03/18/2010 05:12 am ET | Updated May 25, 2011

The Young And The Jobless: Unemployment's Lasting Effects

The future doesn't look so shiny and bright, especially for young people, who are finding the job market tougher going than the older generation. The unemployment rate in the U.S. for 16-to-24 year olds has spiked from 13% a year ago to more than 18%. Recent college graduates are feeling particularly anxious, BusinessWeek finds, with the following figures providing ample reason:

According to a BusinessWeek analysis, college graduates aged 22 to 27 have fared worse than their older educated peers during the downturn. Two years ago, 84.4% of young grads had jobs, only somewhat lower than the 86.8% figure for college graduates aged 28 to 50. Since then, the employment gap between the two groups has almost doubled.

Studies suggest that prolonged youth joblessness can lead to lower incomes in the long-run, with individuals being placed in jobs beneath their abilities. But what can be done as more applicants grapple for even fewer positions? More job training, and apprenticeship programs such as those in Germany and Great Britain. However, job programs for the young in the U.S. haven't been a priority, due to massive budget deficits.

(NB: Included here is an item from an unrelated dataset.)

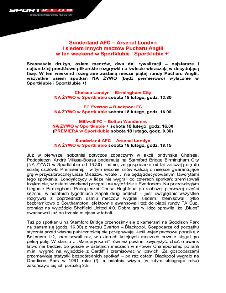 Sunderland AFC – Arsenal Londyn i siedem innych meczów Pucharu Anglii w ten weekend w Sportklubie i Sportklubie +! Szesnaście drużyn, osiem meczów, dwa dni rywalizacji – najstarsze i najbardziej prestiżowe piłkarskie rozgrywki na świecie wkraczają w decydującą fazę. W ten weekend rozegrane zostaną mecze piątej rundy Pucharu Anglii, wszystkie osiem spotkań NA ŻYWO (bądź premierowo) wyłącznie w Sportklubie i Sportklubie +! Chelsea Londyn – Birmingham City NA ŻYWO w Sportklubie sobota 18 lutego, godz. 13.30 FC Everton – Blackpool FC NA ŻYWO w Sportklubie sobota 18 lutego, godz. 16.00 Millwall FC – Bolton Wanderers NA ŻYWO w Sportklubie + sobota 18 lutego, godz. 16.00 (PREMIERA w Sportklubie sobota 18 lutego, godz. 0.30) Sunderland AFC – Arsenal Londyn NA ŻYWO w Sportklubie sobota 18 lutego, godz. 18.15 Już w pierwszej sobotniej potyczce zobaczymy w akcji londyńską Chelsea. Podopieczni André Villasa-Boasa podejmują na Stamford Bridge Birmingham City (NA ŻYWO w Sportklubie od 13.30) i mimo, że gospodarze od lat zaliczają się do ścisłej czołówki Premiserhip i w tym sezonie znów walczą o miejsce gwarantujące grę w przyszłorocznej Lidze Mistrzów, wcale … nie będą zdecydowanymi faworytami tego spotkania. Londyńczycy w lidze nie wygrali od czterech spotkań: zremisowali trzykrotnie, w ostatni weekend przegrali na wyjeździe z Evertonem. Na przeciwległym biegunie Birmingham. Podopieczni Chrisa Hughtona po słabszej pierwszej części sezonu, w ostatnich tygodniach złapali drugi oddech – jeśli uwzględnić wszystkie rozgrywki z poprzednich ośmiu meczów wygrali siedem, zremisowali tylko bezbramkowo z Southampton, efektownie awansowali też do piątej rundy FA Cup, gromiąc na wyjeździe Sheffield United 4:0. Dobra gra w lidze sprawiła, że „Blues” awansowali już na trzecie miejsce w tabeli. Tuż po spotkaniu na Stamford Bridge przenosimy się z kamerami na Goodison Park na transmisję (godz. 16.00) z meczu Everton – Blackpool. Gospodarze od początku stycznia przed własną publicznością nie przegrywają. Jeśli wyjąć pechową porażkę z Boltonem 1:2, zremisowali raz, w czterech kolejnych meczach pewnie sięgali po pełną pulę. W starciu z „Mandarynkami” również powinni zwyciężyć, choć o awans łatwo nie będzie, bo goście w ostatnich meczach w nPower Championship potrafili m.in. wygrać na wyjeździe z Cardiff i zremisować w Ipswich. Za gospodarzami przemawiają statystki bezpośrednich spotkań – po raz ostatni Blackpool wygrało na Goodison Park w 1961 roku (!), a ostatnia wizyta (w lutym ubiegłego roku) zakończyła się ich porażką 3:5. Równolegle do meczu Everton – Blackpool na londyńskim The Den Millwall zmierzy się z Boltonem (transmisja w Sportklubie + od godz. 16.00, premiera w Sportklubie o godz. 0.30). Jeśli przyjrzeć się wynikom „Lwów” z poprzednich rund, sobotnie spotkanie powinno zakończyć się … remisem. W trzeciej rundzie Millwall zremisowało bowiem bezbramkowo z Dagenham & Redbridge i dopiero w powtórzonym meczu wygrało pewnie 5:0. Podobną drogę podopieczni Kenny’ego Jacketta przeszli też w czwartej rundzie. Najpierw zremisowali z Southampton, dopiero tydzień później pokonali faworyzowanych rywali na ich obiekcie 3:2 i awansowali do dalszej fazy rozgrywek. Czy w sobotę będziemy świadkami podobnego scenariusza? Prawdziwym hitem soboty będzie starcie na Stadium of Light, w którym miejscowy Sunderland podejmie Arsenal Londyn (NA ŻYWO w Sportklubie o godz. 18.15). Drużyny te ledwie tydzień wcześniej mierzyły się na tym samym obiekcie, a stawką meczu były ligowe punkty. „Kanonierzy” wygrali 2:1, a sukces w dużej mierze zawdzięczają rewelacyjnie broniącemu w tym spotkaniu Wojciechowi Szczęsnemu i Thierry’emu Henry’emu, który w 90. minucie zdobył zwycięską bramkę. Była ta druga w tym sezonie wygrana londyńczyków nad „Czarnymi Kotami” – w październiku pokonali oni rywali na Emirates w takich samych rozmiarach. Dwie wygrane z rzędu nie oznaczają oczywiście, że i w sobotę to przyjezdni będą górą. Sunderland pod wodzą Martina O’Neilla prezentuje się znakomicie i stać go na sprawienie niespodzianki. W styczniu jego podopieczni rozegrali w lidze siedem meczów, odnosząc w nich aż pięć zwycięstw. Jedynymi przegranymi były wspomniana porażka z Arsenalem i 0:1 z Chelsea. W sobotę „Czarne Koty” spróbują więc przełamać kompleks faworyzowanych drużyn ze stolicy. Norwich City – Leicester City PREMIERA w Sportklubie niedziela 19 lutego, godz. 10.30 Crawley Town – Stoke City NA ŻYWO w Sportklubie niedziela 19 lutego, godz. 13.00 Stevenage FC – Tottenham Hotspur NA ŻYWO w Sportklubie niedziela 19 lutego, godz. 15.00 FC Liverpool – Brighton & Hove Albion NA ŻYWO w Sportklubie niedziela 19 lutego, godz. 17.30 Niedzielny maraton z FA Cup rozpoczynamy już o godz. 10.30 retransmisją sobotniego spotkania Norwich – Leicester. W potyczce tej zdecydowanymi faworytami będą występujący na co dzień w Premiership gospodarze. W lidze odnieśli oni ostatnio dwie ważne wygrane z Boltonem i Swansea, ogólnie od początku sezonu spisują się bardzo dobrze i zajmują w tabeli ósme miejsce. Jak na beniaminka w najwyższej klasie rozgrywkowej wynik znakomity. O godz. 13.00 zapraszamy na pierwszą niedzielną transmisję. Na Broadfield Stadium czwartoligowy Crawley Town podejmie Stoke City. Gospodarze to obok Stevenage jedyna drużyna z występujących jeszcze w FA Cup, która przygodę z rozgrywkami rozpoczynała od pierwszej rundy. Podopieczni Steve’a Evansa eliminowali kolejno Bury FC, Redbridge FC, Bristol City i Hull City, a więc rywali może nie z najwyższej półki, ale na pewno notowanych zdecydowanie wyżej. O kolejną niespodziankę i awans kosztem Stoke będzie jednak niesłychanie trudno. „The Potters” wprawdzie przegrali w lidze cztery ostatnie mecze, kadrowo biją jednak swoich rywali na

Free-market economists favor removing obstacles to employment of the young, such as high minimum wages. "The government in some ways is contributing to this problem," says Kristen Lopez Eastlick, senior research analyst for the employer-backed Employment Policies Institute. She points out that the 40% hike in the federal minimum wage over the past two years made it less appealing to hire young workers. One possibility: Some U.S. states and European countries have enacted subminimum wages just for young people or people enrolled in apprenticeships.

The youth unemployment crisis is mirrored in a New York Times profile of Kristy and Katie Barry, twins from Ohio who have applied for more than 150 Manhattan-based jobs in the past year, without so much as an interview. They're making ends meet with bartending and odd jobs such as dogwalking. But the way in which the twins go about their job hunt, while enthusiastic and creative, make it painfully clear that college graduates needs more preparation and skills to equip them for the search.

Ways You Can Dig Deeper for Jobs

•Reach out to college alumni networks, which are established precisely for networking and mentoring opportunities.

•Go beyond Craigslist. Targeted job boards and networks, such as Mediabistro (media and publishing), Idealist (nonprofits and volunteerism) and The Vault (sales, finance and consulting) are more focused in nature.

•Professional networking sites such as LinkedIn and Brazen Careerist make it easier to establish your professional identity online and establish and develop new contacts.

•Follow leaders in the industry. Find and develop mentors by contacting individuals that you admire with a short e-mail. Ask questions and for a few pieces of advice. If you get a reply, continue the conversation with a request to meet in person for coffee or a quick lunch. Here's Penelope Trunk's 7 Steps to Finding and Keeping a Mentor.

&Networking groups with offline gatherings such as, gives you a way to find people with similar interests and potential leads.

•Volunteer opportunities and internships are a foot in the door that may lead to full-time employment after the downturn.